Security researchers have discovered five dating apps in the US and East Asia which are leaking millions of customer records thanks to misconfigured cloud databases.
A team from WizCase led by Avishai Efrat explained that the Elasticsearch servers, MongoDB databases and AWS buckets they found were left publicly accessible with no password.
In the US, an Amazon bucket traced to CatholicSingles was found to be leaking a 17MB database of 50,000 records including names, email addresses, billing addresses, phone numbers, age, gender, occupation and education.
Another dating site hosted in the US, Yestiki, leaked around 4300 records (352MB) including phone numbers, names, addresses and GPS location data of date venues, as well as user ratings, activity logs and Foursquare secret key IDs.
Next up is SPYKX.com, the South Korean company behind the Congdaq/Kongdak dating app.
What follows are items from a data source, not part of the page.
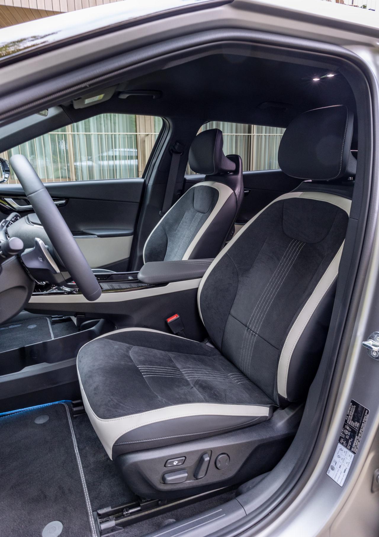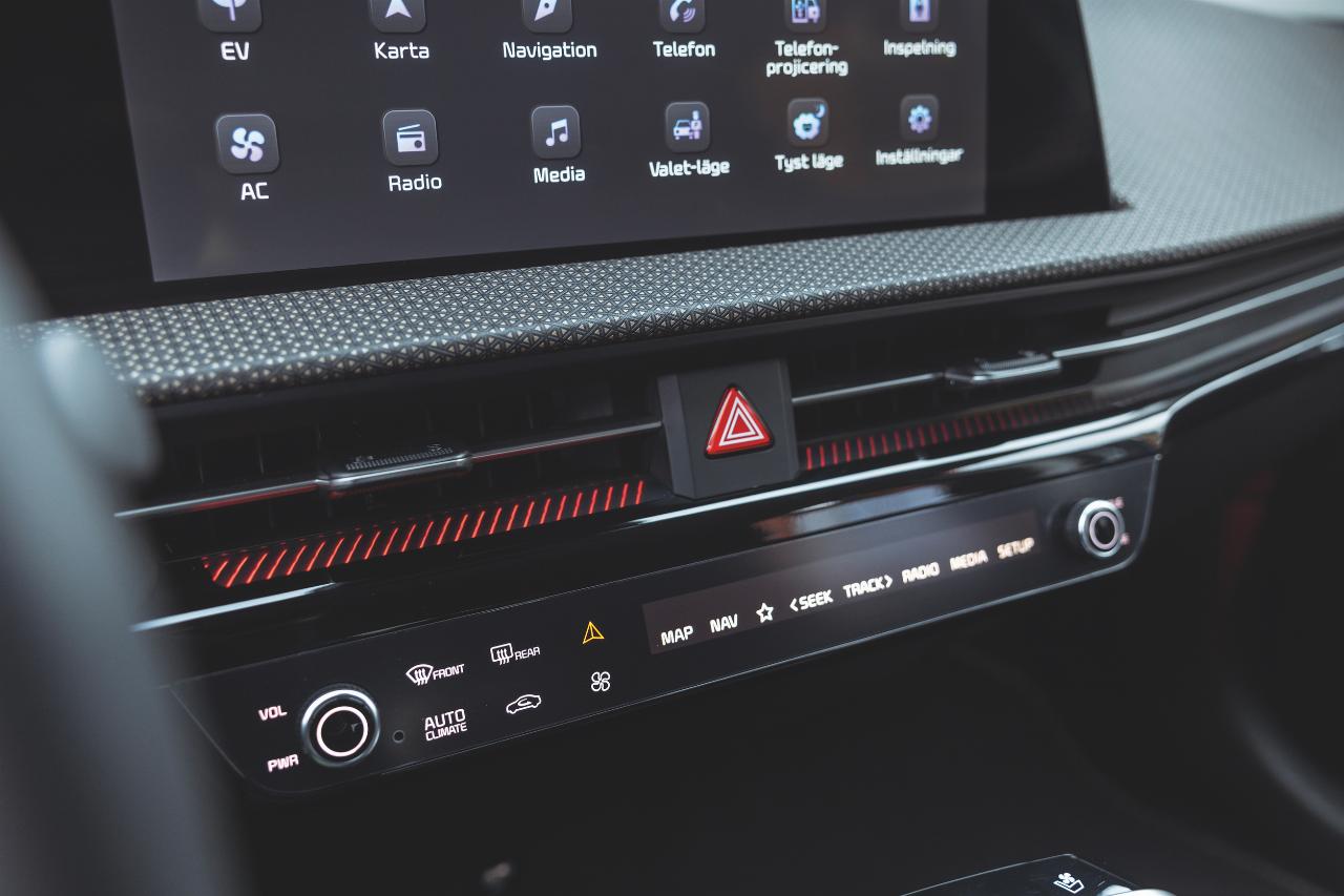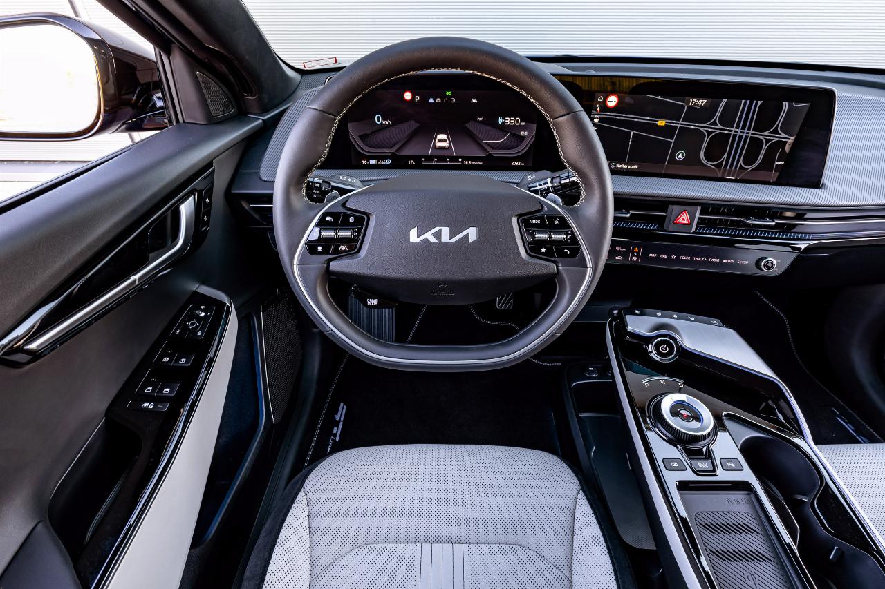 In seinem Innern präsentiert sich der Kia nachhaltig. Die bequemen Sitze sind mit tierfreiem Leder bespannt und das Cockpit trägt Dekorelemente aus recycelten PET-Flaschen. Das schont nicht nur die Ressourcen, sondern sieht zudem recht schick aus. Der Fahrer blickt auf zwei hochauflösende 12,3 Zoll-Bildschirme, die zu einer optischen Einheit zusammengefasst sind. Während der linke Monitor alle wichtigen Informationen wie Geschwindigkeit und Restreichweite darstellt, dient der rechte für das Multimediasystem.
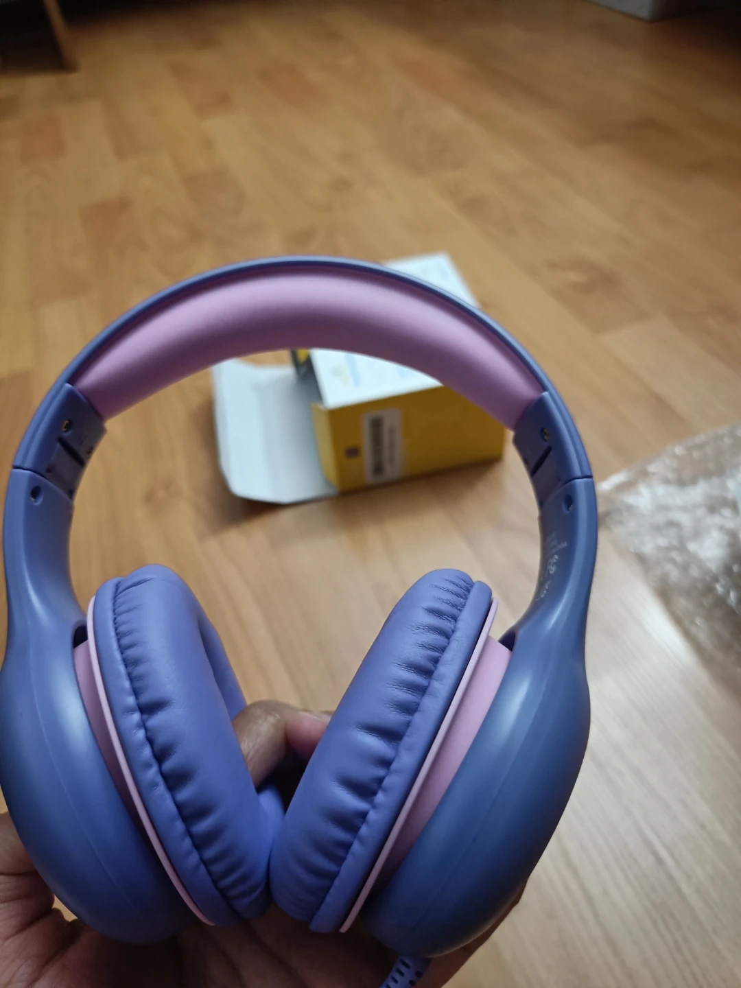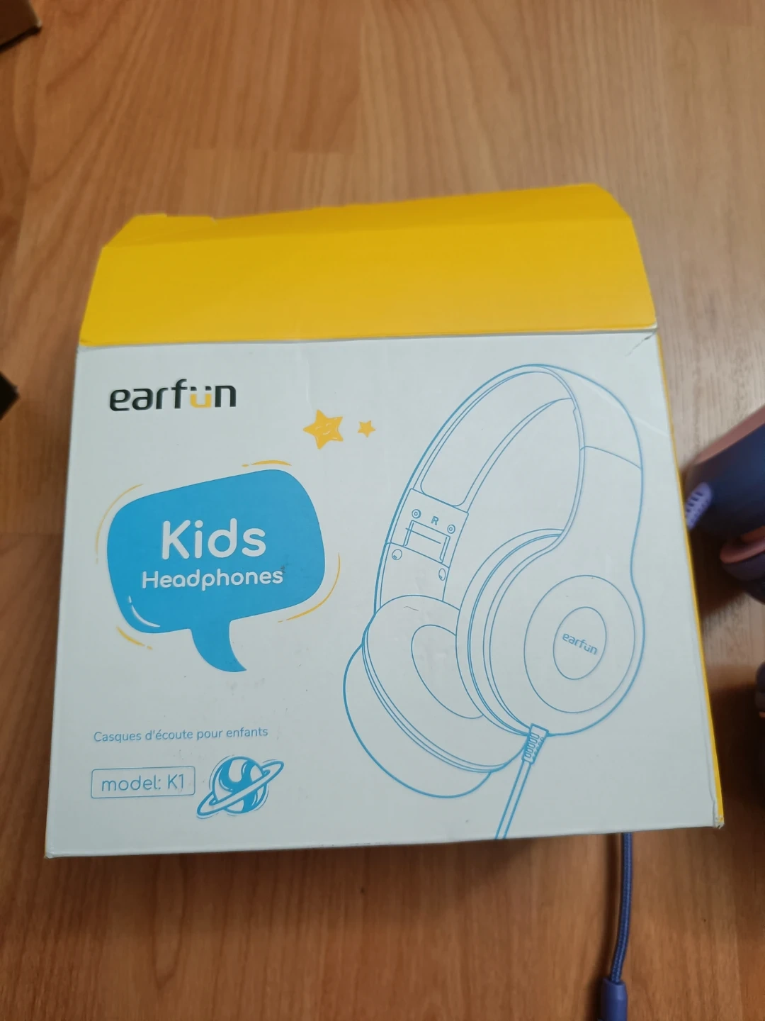 These blue and pink EarFun K1 kids headphones are designed for children. They offer hearing protection and safe materials. It's great for listening to music or audiobooks!
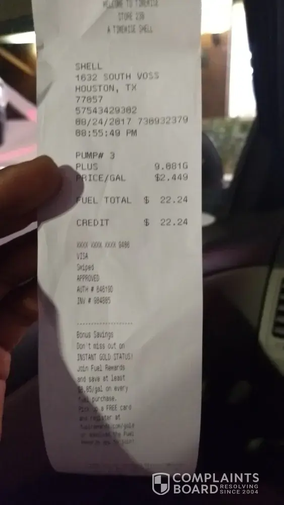 I don’t want to have to wait to receive my back for gas I didn’t even Get. It’s not right
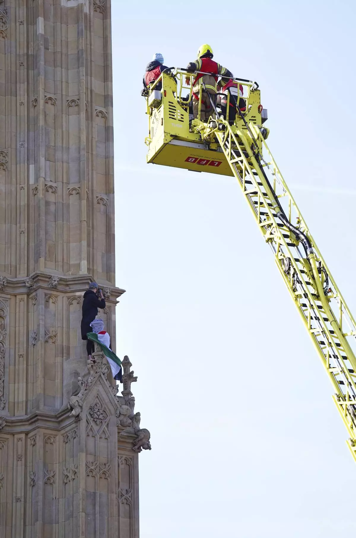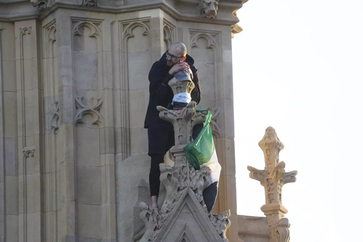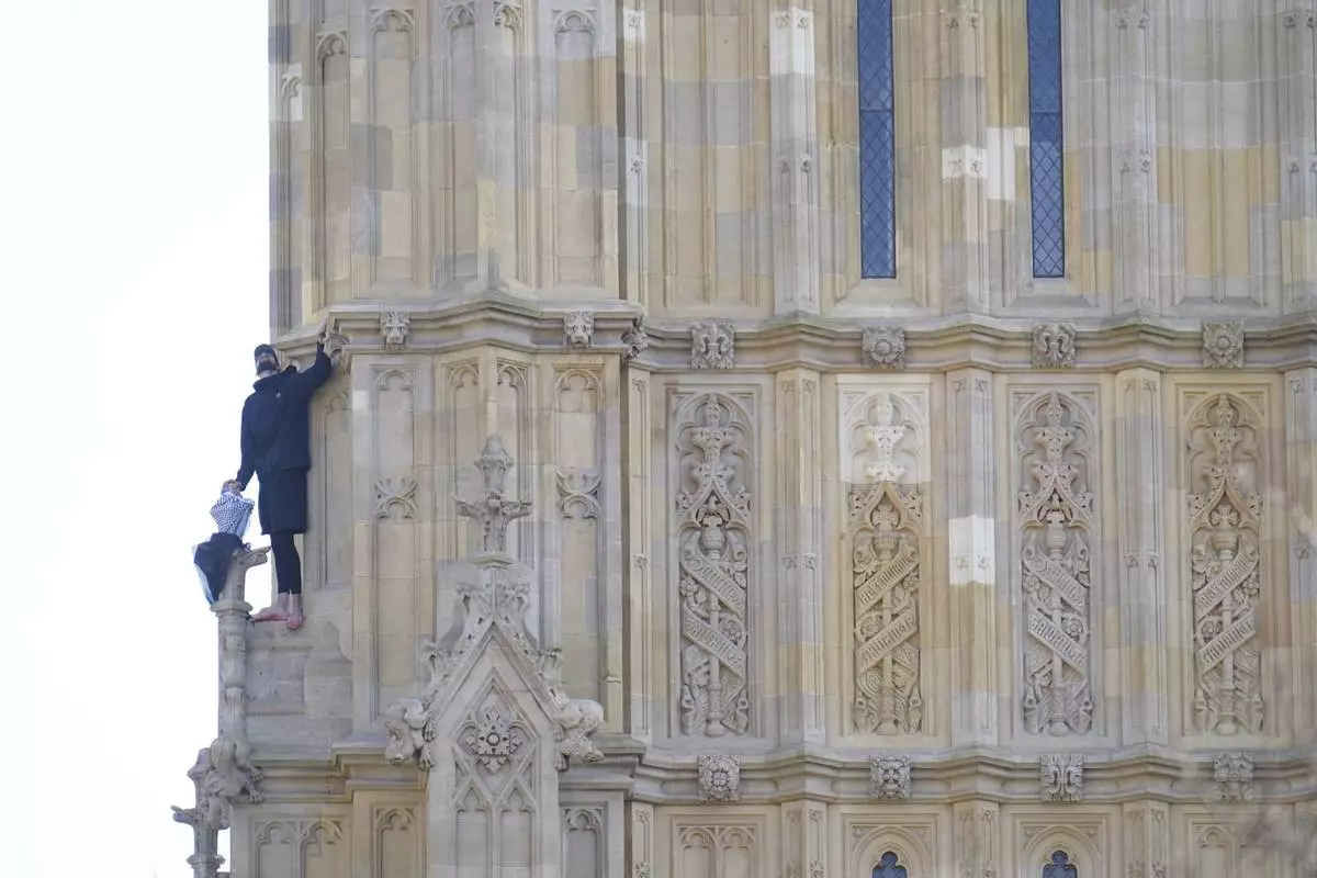 LONDON (AP) — Traffic around the Palace of Westminster in London came to a standstill for much of Saturday as emergency crews tried to reach a man who climbed the Big Ben tower holding a Palestinian flag.
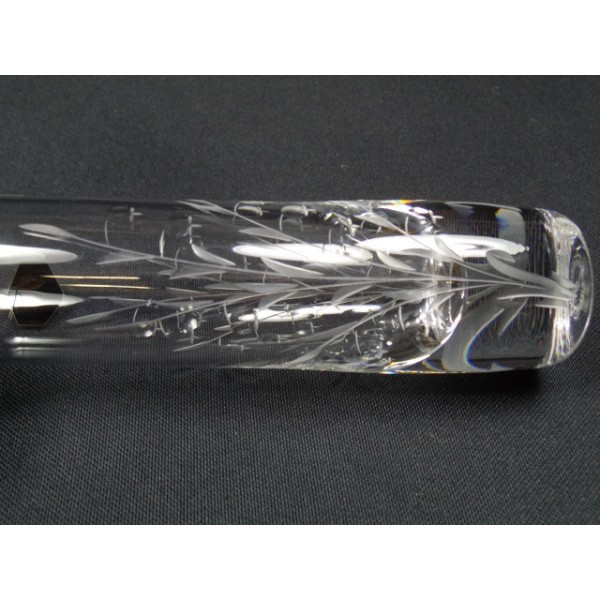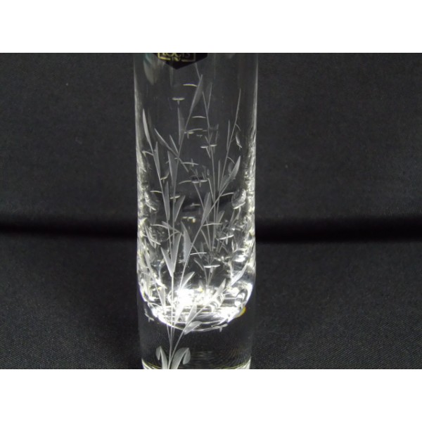 Crystal vase with lilies Saint Louis, engraved decoration of Muguet, never used, still bears the label Cristal Saint Louis France, stamped (engraved) background Crystal St. Louis France.
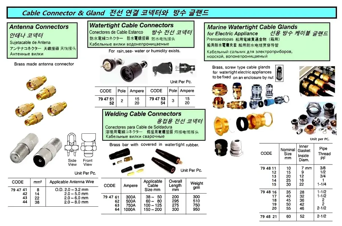 | Description | CABLE CONNECTOR, WATERTIGHT 3-POLE 20 A |
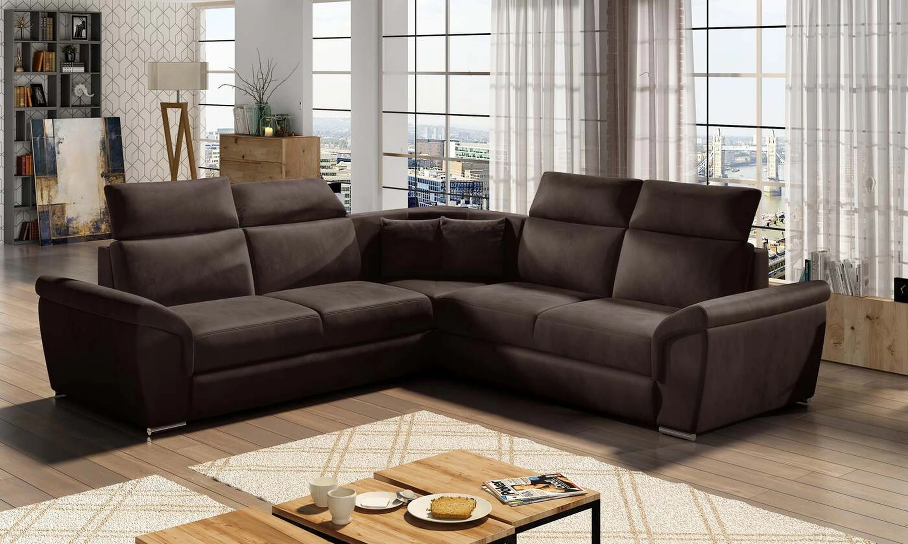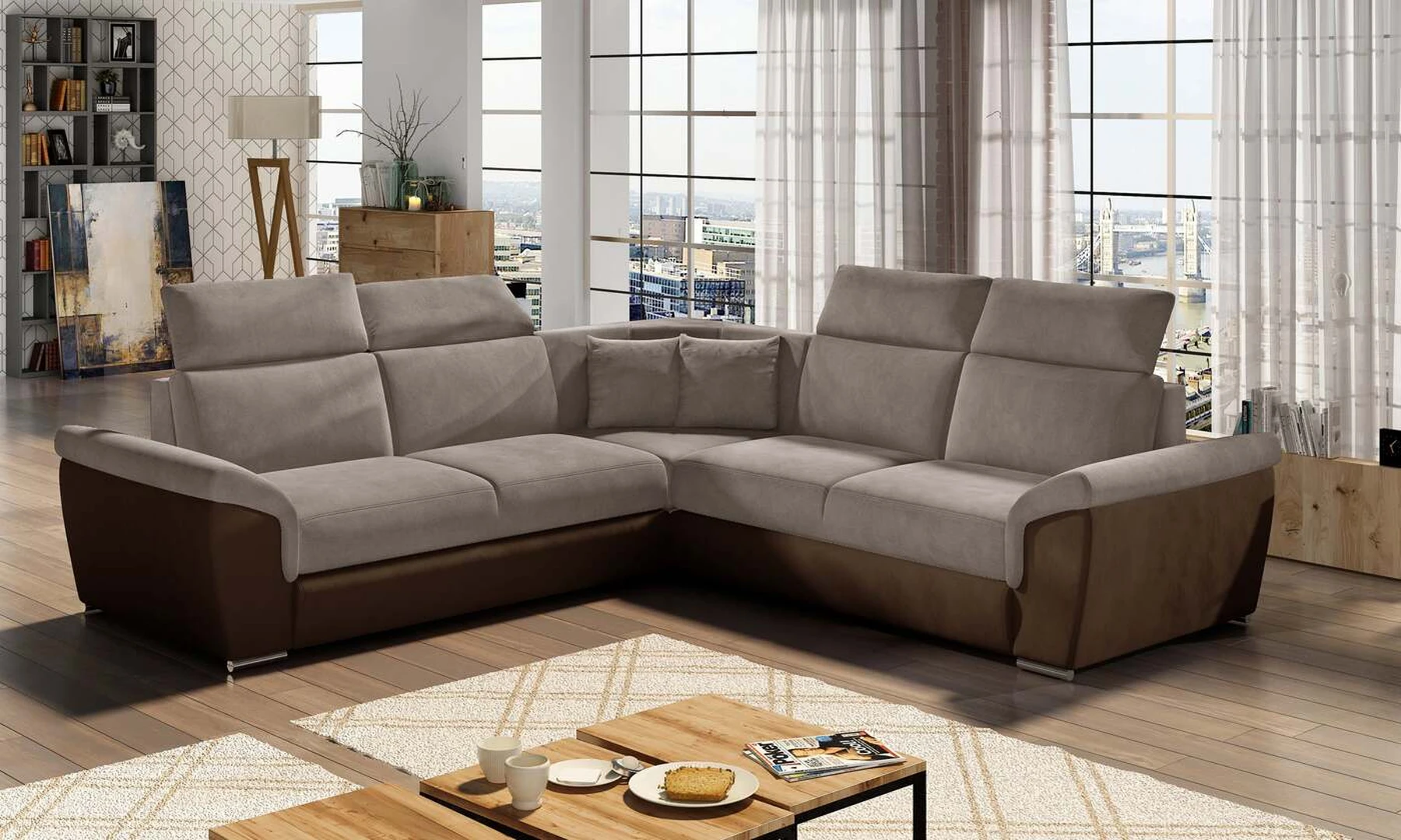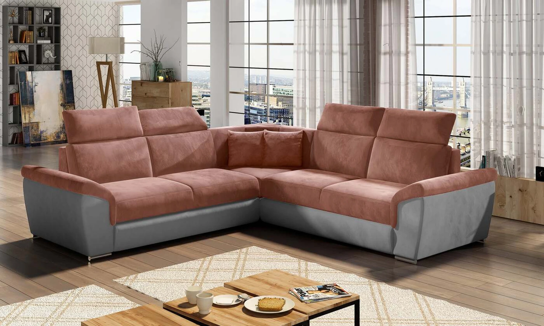 EL8253 yra klasikinis simetriškas, tačiau išskirtinis ir funkcionalus svetainės papuošalas. Paprastą formą laužo modernūs elementai: platūs, nuožulni porankiai, aukšti atlošai su keturiomis reguliuojamomis galvos atramomis ir dekoratyvinės pagalvės. Kampinės sofos matmenys 268 x 268 x 102 cm suteikia pakankamai erdvės atsipalaiduoti bet kuriuo dienos ar nakties metu. Šiame balde yra 120 x 200 cm miegojimo funkcija, taip pat erdvi ir gili patalynės saugykla, esanti pufas. Dėl delfininio tipo išskleidimo funkcijos baldo pritaikymas prie esamų poreikių yra intuityvus ir patogus.Baldo sėdynė pagaminta iš gofruoto spyruoklės ir T30 putplasčio – toks derinys suteikia minkštumo, lankstumo ir pakankamą atramą kūnui poilsio metu . Kampinė sofa EL8253 yra tinkamas pasirinkimas bet kurioje svetainėje, kur svarbi tvarka, universalumas ir tuo pačiu elegantiška atskirų elementų apdaila. Garantuojame, kad EL8253 atitiks visus jūsų reikalavimus.

It was found leaking 123,000 records (600MB) via an unprotected Elasticsearch server, including emails, cleartext passwords, phone numbers, dates of birth, gender, education and GPSdata.
Also in South Korea, dating app Blurry exposed 70,000 user records (3667MB) via an Elasticsearch server, including private messages sent between users – some of which contained sensitive information like social media handles and phone numbers.
Finally, Japanese dating apps Charin and Kyuun, which appear to be owned by the same company, leaked over 100 million records via the same unsecured Elasticsearch database sitting on an AWS EC2 server.
Compromised user information included email addresses and passwords, both hashed and cleartext, user IDs, mobile device information and dating preferences such as distance and age, according to WizCase.
The researchers also found an additional six exposed servers packed with dating app user information but couldn’t identify the owner, although it claimed they may be the product of a web scraping operation. Data from users of Zhenai, Say Love, Netease, Love Chat and Companion were found.
It’s unclear whether any of the companies WizCase contacted has addressed the configuration errors, but the firm warned users of potential follow-on identity fraud, phishing, blackmail and privacy risks.
Back in September last year, the same research team was able to access a database of around 77,000 users of Heyyo, a Turkey-based online dating service.